When it comes to paying off debt nobody is a better motivator than Dave Ramsey. I don't agree with a lot of what Dave Ramsey says but what he’s done to motivate people to take control of their finances is undeniable. His debt payment strategies use the technique of the debt snowball. To tackle your debts with the snowball effect you start by creating a list of your debts organized by their balance, smallest to largest. You begin by paying off the small debts first, when the small debts are paid off, roll that payment into the next smallest debt, when that is paid off, roll those two payments into the next debt, etc. Keep this up until all debts are gone. The benefit of this strategy is that once your debts have been paid off, what you once had going to debt can now be used for savings and investing. You've become accustomed to not spending those dollars on a monthly basis, keep it up!

Debt is as an anchor on your net worth. Every dollar worth of principal you pay off is an increase in your net worth. Build a plan and follow through.

 

Step 6: Investing!

Let’s talk investing! When you embark on your financial planning journey investments may spark your excitement. Conventionally you may think of this as investing in stocks and bonds. Have you thought about the effects of investing in yourself? What about the benefits an increase in your income may give you beyond an increase in your standard of living?

The effects of working through your budget to maximize your dollar amount available for savings and investing has a huge immediate impact. The flipside can be said for increases in your income. You can only cut your budget so much before it starts to impact your life. It's time to start thinking of the other side of the equation. So where do you start? What does your career path offer when it comes to increases in income? Can you get credentialed, does your employer offer to pay for additional education? What about taking on a side hustle for some extra income? Starting your own business is usually a great way to increase your income, gain experience, and meet cool new people. What about interviewing for an employer that appreciates your input and supports your growth? I’ve always enjoyed reading Liz Ryan’s Human Workplace Blog which is often about self empowerment, improvement, and brushing up on your job search skills. 

Since step #6 is an investment topic, I won’t deprive you of your usual stock and bond info. There are a few things that are important when it comes to investing:

  1. Educate yourselves!
  2. Know your tolerance for risk (likely the more knowledge you have the more you can stomach)
  3. Use that risk tolerance to build yourself an asset allocation (what is your split between stocks, bonds, and cash in your portfolio)
  4. Invest regularly with every paycheck or once a month
  5. Invest for the long term (Last I looked, our average lifespans are eclipsing the 90 year mark!)
  6. Control your emotions

Your behavior and emotions are the biggest hindrance to any successful investment experience. Don’t allow your emotions to control your financial investment decisions.

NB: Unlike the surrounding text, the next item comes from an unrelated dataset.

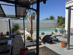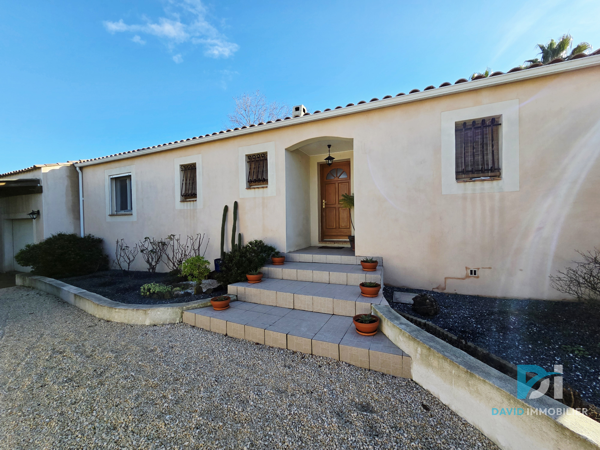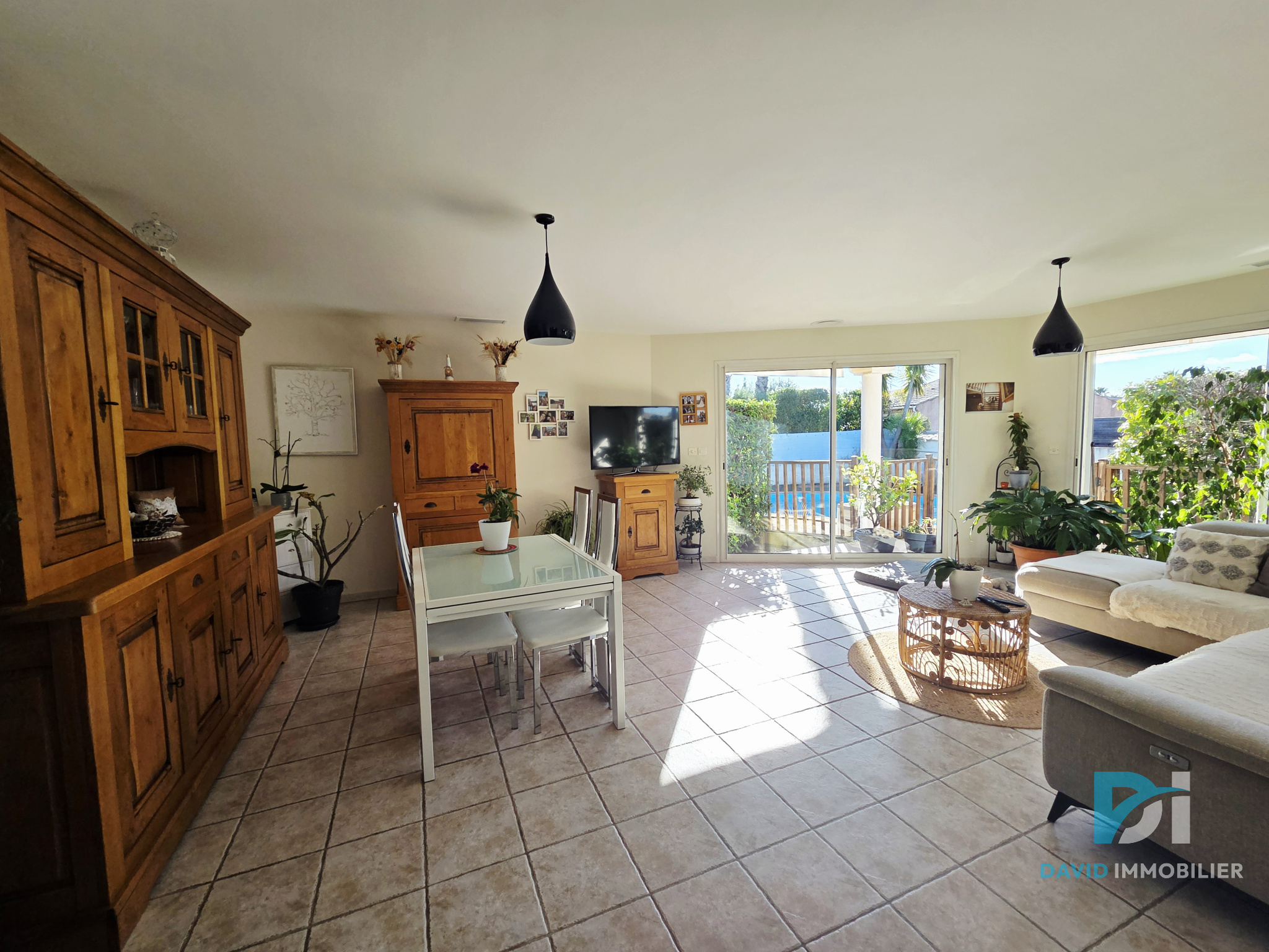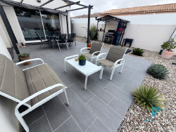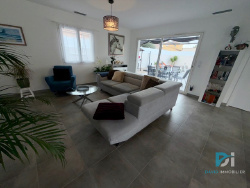 Superbe villa moderne de plain-pied aux prestations actuelles et soignées. Elle offre un bel espace de vie lumineux comprenant séjour, salon et cuisine ouverte équipée, idéal pour partager des moments conviviaux en famille ou entre amis. Côté nuit, vous découvrirez trois chambres, dont une agréable suite parentale avec douche, WC et dressing, ainsi qu'une salle d'eau indépendante, un WC supplémentaire et un garage. Implantée sur un terrain de 515 m2, la propriété bénéficie d'un bel extérieur avec piscine, parfait pour profiter pleinement des beaux jours en toute intimité. Prestations modernes et confort optimal : climatisation réversible gainable, volets roulants aluminium électriques, portail électrique... Un bien clé en main alliant confort, modernité et qualité de vie. À découvrir sans tarder ! Les informations sur les risques auxquels ce bien est exposé sont disponibles sur le site Géorisques : www.georisques.gouv.fr

These three posts combined house my six steps to becoming financially independent.  Whether you start utilizing these strategies at your first job or in the midst of your career, your likelihood of financial success will increase. With financial stability you can take on opportunities when they present themselves in your life. The world will be a better, happier place once everyone is living their dreams and taking responsibility for their success. It’s an empowering position to be in!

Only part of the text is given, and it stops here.